Eine wichtige Voraussetzung für die Benützung des Kalenders als Schreibprotokoll war die Tatsache, dass Kalender nicht den modernen Vorstellungen von einem festen, statischen Kodex entsprachen. Verleger oder Käufer "schossen" zusätzlich Blätter zwischen die Monatskalendarien ein, was eine Ausdehnung des Beschreibstoffes bedeutete. Von eingehefteten Lagen bis zu gesonderten Tagebuchheften war es nur ein kleiner Schritt. Schreibkalender dienten in Kanzleien und in Familien als Neujahrsgeschenke, wodurch das Medium fest in der familiären und amtlichen Schreibtradition verankert wurde. Sichtbarer Ausdruck der Geschenkkultur sind die oft sehr gepflegten Einbände, die Widmungen an die Beschenkten enthielten und soziale Beziehungen und Hierarchien ausdrückten. Angesichts der hohen Kalenderauflagen muss mit dem Verlust eines Großteils des Bestandes gerechnet werden. Spuren von verlorenen Schreibkalendern lassen sich in handschriftlichen Bibliothekskatalogen, Wirtschaftsaufzeichnungen, in Reinschriften der Kalendernotizen oder in Textüberarbeitungen finden. Schreiberinnen und Schreiber des 16. bis 18. Jahrhunderts exzerpierten ihre jahrzehntelang geführten Eintragungen mit Methode, sie fügten sie zu chronologischen Lebensläufen zusammen und kombinierten sie mit Reiseberichten und Briefen. In der Aufklärung ließ sich die traditionelle Form der Kalendernotizen durchaus in neue anthropologische Modelle der Biographie integrieren, indem Schreiber die kalendarischen Fakten mit persönlichen Erinnerungen und Erkenntnissen während des Überarbeitungsprozesses konfrontierten.

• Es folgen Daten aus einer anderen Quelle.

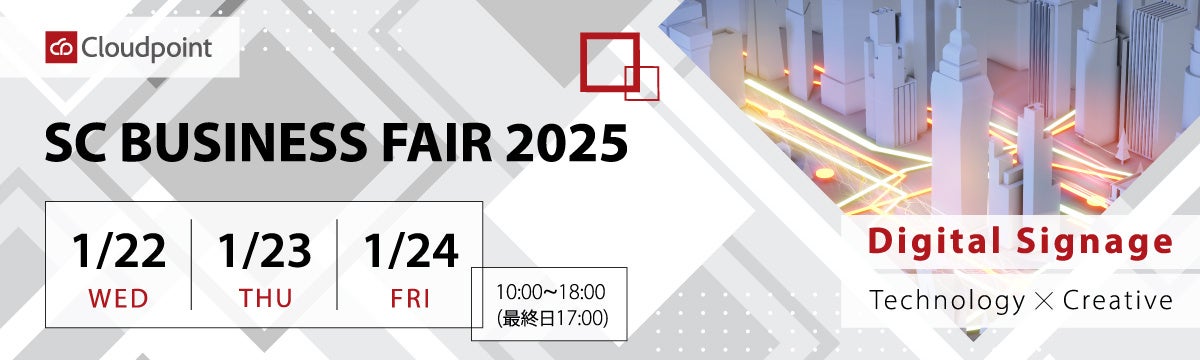 ペイクラウドホールディングス株式会社(東証グロース:4015)の傘下でデジタルサイネージ関連事業を展開する株式会社クラウドポイント(本社:東京都渋谷区、代表取締役:三浦 嚴嗣)は、1月22日(水)から1月24日(金)にかけてパシフィコ横浜で開催されるショッピングセンター関係者が一堂に会する商談展示会「SCビジネスフェア2025」にブース出展いたします。
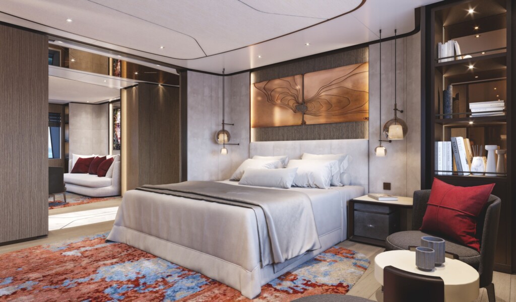 Strategic access points ensure that the owner can enjoy complete privacy, with staircases designed to prevent unwanted entry to the owner’s deck when desired. Thoughtful layouts also extend to the suite’s forward terrace, where the owner can enjoy uninterrupted views and outdoor relaxation in a space designed for both tranquillity and connection to the natural surroundings.
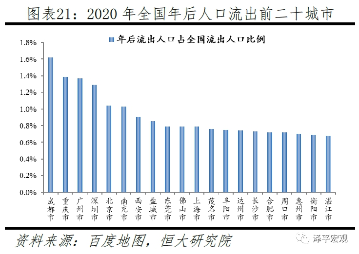 从地级层面看,从湖北流出的人口主要去往重庆、南阳、信阳、岳阳、九江、长沙、常德、北京、深圳、上海等地,前20城合计占比达47.3%。
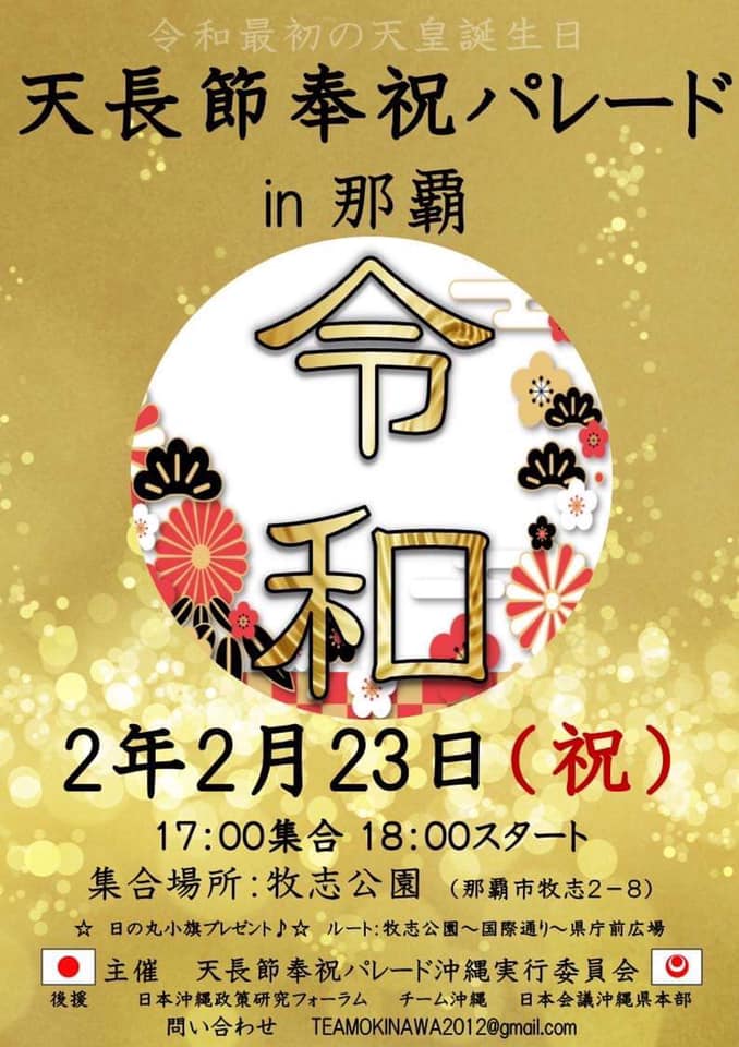 令和初となる天皇誕生日を、那覇市・牧志公園~国際通り~県庁前広場を歩きながら皆さんでお祝いしましょう。
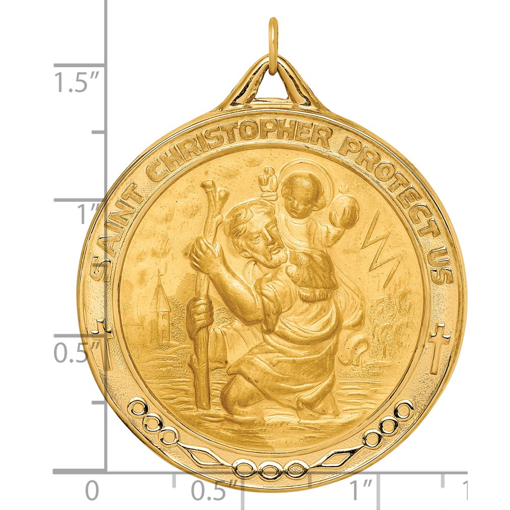 14k Polished and Satin Solid Extra Large St. Christopher Medal Round Pendant
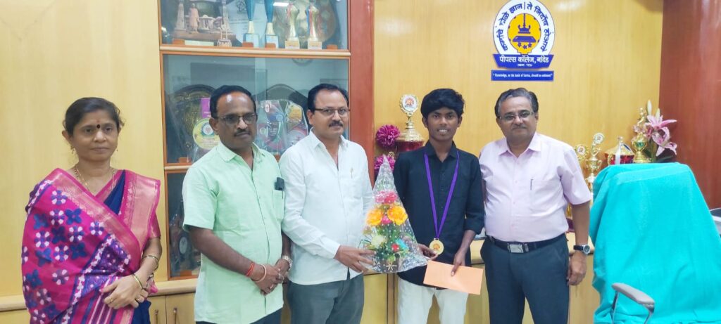 या स्पर्धेत तन्मय कॉलेजचे प्रतिनिधित्व करणार आहे. या यशाबद्दल प्रभारी प्राचार्य डॉ. शिवशंकर भानेगावकर यांनी तन्मयला मेडल प्रदान करून अभिनंदन केले. या प्रसंगी क्रीडा विभागप्रमुख प्रा. विलास वडजे, प्रा. डॉ. सुनिता माळी, प्रा. डॉ. राजेश सोनकांबळे आदी उपस्थित होते.
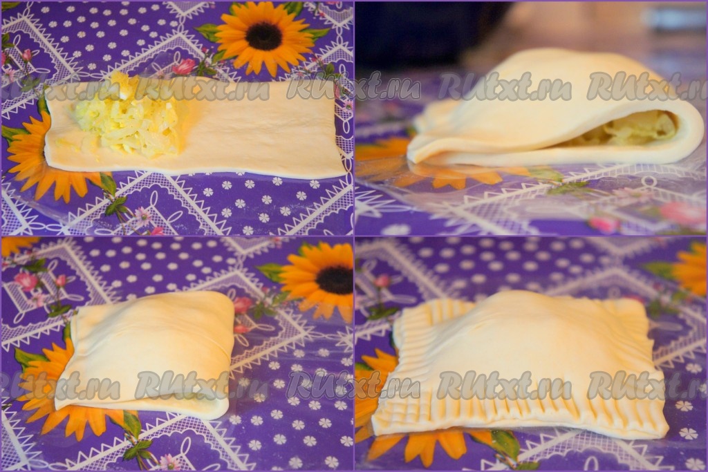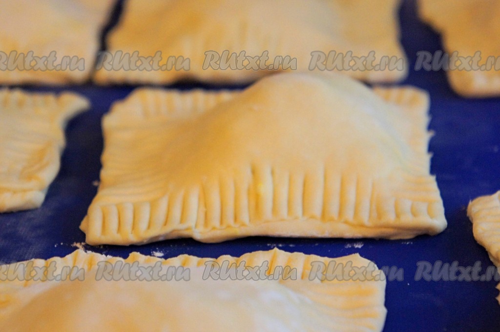 Тесто разморозить. На рабочую поверхность (при необходимости) добавить муку. Выложить тесто, разрезать на небольшие прямоугольники (размер прямоугольников зависит от желаемого размера пирожков). На один край выложить капустную начинку, свернуть "конвертик" пополам и обработать края вилкой, плотно прижимая её к слоеному тесту. Таким образом сформовать все остальные пирожки-конвертики.
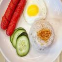 For reference: Savory chicken sausage served with garlic rice and a fried egg, a hearty breakfast.
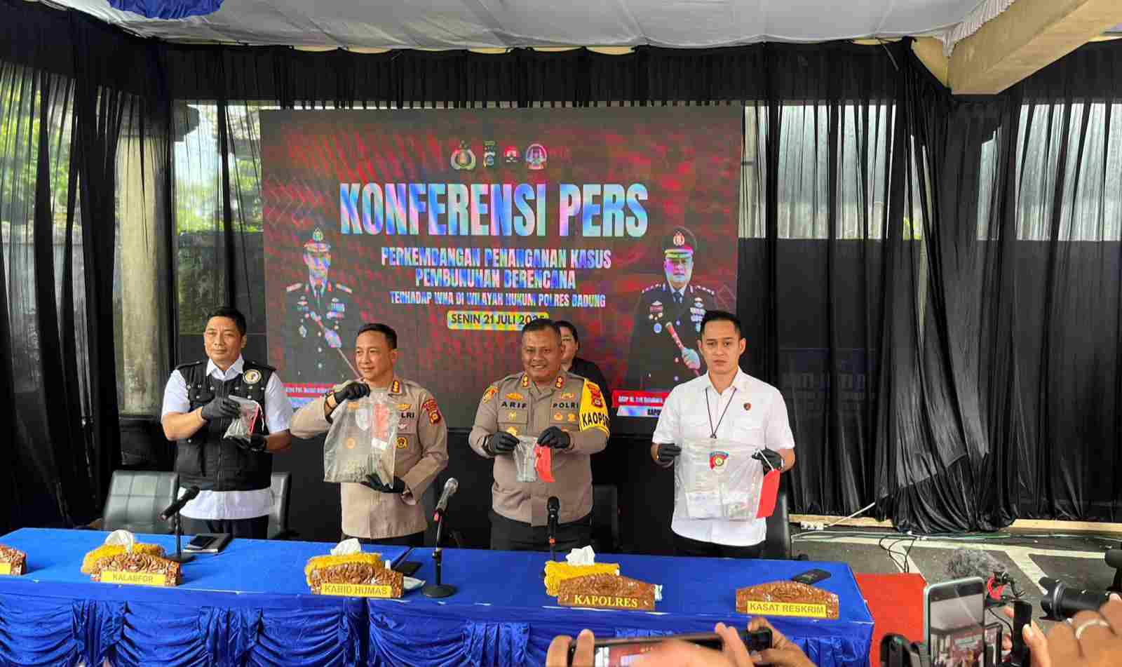 Bali – deteksipost.com – Mewakili Kapolda Bali Kabid Humas Kombes Pol Ariasandy S.I.K., didampingi Kabid Labfor Kabid Kombes pol I Made Swetra, S.Si., M.Si. dan Kapolres Badung AKBP Arif Batubara S.H., S.I.K., M.H., serta Kasat Reskrim saat konfrensi pers di Loby Mapolres Badung, pada senin 21 juli 2025.
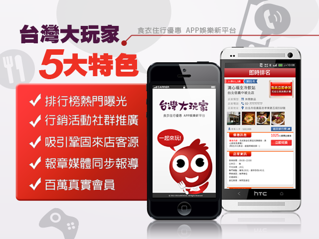 目前慶祝《台灣大玩家》APP即將二次改版,我們推出"APP免費曝光廣告專案",只要您提供獨家優惠折扣或是獨家優惠贈品,即可免費於APP內曝光,配合期為二年,此專案亦不會另外酌收其他費用!您將擁有自己的店家頁面,詳細的店家資訊和精美店家照片露出,我們也會不定期舉辦行銷活動、粉絲團每日推薦等等…..現在就立刻加入我們,讓您的店家和台灣大玩家APP一起茁壯成長!
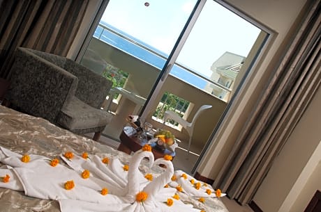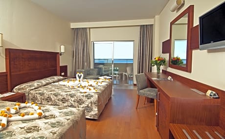 The 50, 000 m2 club resort is located 10 km to the east of Manavgat at the popular tourism centre of Kizilot Manavgat and close to ancient cities like Side, Aspendos and Perge. Antalya Airport is 80 km away, the private beach can be easily reached on foot. The hotel offers 475 rooms, 24-hour reception, currency exchange, free WIFI in public areas, meeting rooms, 5 restaurants, 6 bars, outdoor and indoor pools, children's pool, fitness centre, spa and wellness, bicycle rental, car hire and free on-site parking (reservation needed). Wheelchair accessible.
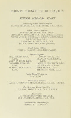- Dumbartonshire (Scotland). County Council. School Medical Service.
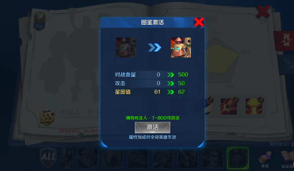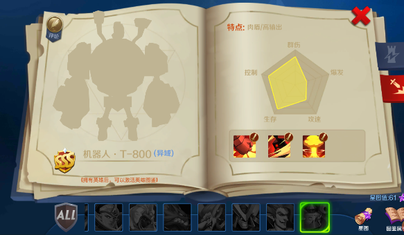 2、机器人T800的核心天赋是“充能”,在对战战斗中,受到伤害时有几率为自己充能,恢复生命和怒气值。如果大家以机器人为主力的话,这个天赋是必须学习的。

Am Schluss der Arbeit stehen Hypothesen über die sinkende Bedeutung des Schreibkalenders für die Schreibkultur um 1800. Ein Grund bestand in der veränderten Tagebuchkultur des 18. Jahrhunderts. Vom Tagebuchschreiber wurden zunehmend detaillierte moralische Selbstreflexionen, aber auch Natürlichkeit und "Esprit" verlangt, was sich in einem derart traditionellen Medium wie dem Kalender kaum verwirklichen ließ. Weiters erlebte das Druckmedium des Schreibkalenders als "Bibel des Aberglaubens" eine substantielle Krise. Kalenderreformen der Aufklärung verboten astrologische Prognosen, sie integrierten dagegen Statistiken und legten die Schreibräume durch Spalten fest. Die neuen Rahmenbedingungen der Reformkalender förderten Vermerke, die weniger die Vergangenheit protokollierten als die Zukunft organisierten. Schließlich verhinderte der Siegeszug des Verlegereinbandes im 19. Jahrhundert eine Ausdehnung des Schreibraumes durch eingeschossene Blätter. Der Schreibkalender verschwand gegenüber neuen ökonomischen Formaten wie Agenda und Notizkalender, die bestimmte Schreib- und Schriftformen wie die Stenographie begünstigten.